Re: Lenny, apt(titude), dependency issues, seg faults and corrupted .DEB packages



On Sat, 15 Nov 2008, Mark Allums wrote:
>>>>> Memtest86+ is a GPL'd memory testing suite that should work with
>>>>> anything in the i386-amd64 family.
>>>> Yeah, but it's not actually that good at testing memory.
>>>  Do you have a reference for that?

I do.  We never trust memtest negatives unless it has been running for over
48H, we have seen several false negatives.

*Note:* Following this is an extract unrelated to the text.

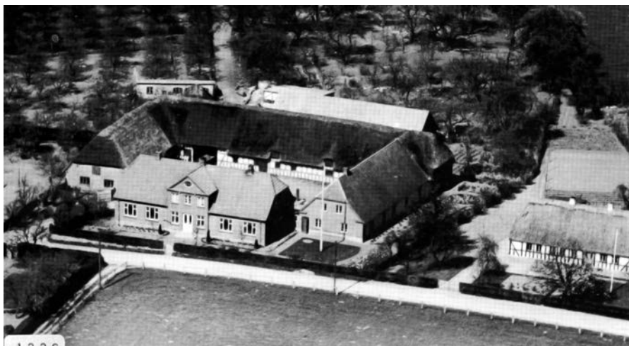
Rosenvoldgården, Brovangen 10

And I have never seen it manage to flag an error on ECC systems.  I am not
really sure it knows how to deal with every memory controller in use on
servers out there, or that it DOES know how to talk right to, say, a i82875
like the one in my desktop.

False positives, OTOH, are unknown of.  If it says memory is bad, memory IS
bad.  Of course, it could be bad for a number of reasons, of which a bad
memory chip in the module is only the most likely.  We have seen it happen
due to problems in peripherals that were screwing up with the DC power
lines, and due to PSUs (for the same reason).

>> Nope.  I also can't find one after a bit of googling.  I seem to 
>> remember that there were two or 3 people on gentoo-user that were able 
>> to find memory errors with a perl script that memtest86 couldn't find.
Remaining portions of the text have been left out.